Abstract:Lifelong indoor localization in a given map is the basis for navigation of autonomous mobile robots. In this letter, we address the problem of robust localization in cluttered indoor environments like office spaces and corridors using 3D LiDAR point clouds in a given Area Graph, which is a hierarchical, topometric semantic map representation that uses polygons to demark areas such as rooms, corridors or buildings. This representation is very compact, can represent different floors of buildings through its hierarchy and provides semantic information that helps with localization, like poses of doors and glass. In contrast to this, commonly used map representations, such as occupancy grid maps or point clouds, lack these features and require frequent updates in response to environmental changes (e.g. moved furniture), unlike our approach, which matches against lifelong architectural features such as walls and doors.
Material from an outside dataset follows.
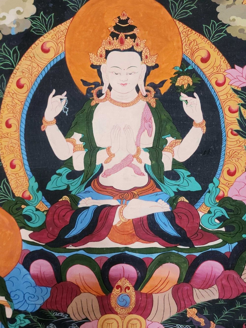 Chenrezig Thangka, Buddhist Traditional Painting, Hand Painted , Bodhisattva of Compassion, Protector of All Beings

For that we apply filtering to remove clutter from the 3D input point cloud and then employ further scoring and weight functions for localization. Given a broad initial guess from WiFi localization, our experiments show that our global localization and the weighted point to line ICP pose tracking perform very well, even when compared to localization and SLAM algorithms that use the current, feature-rich cluttered map for localization.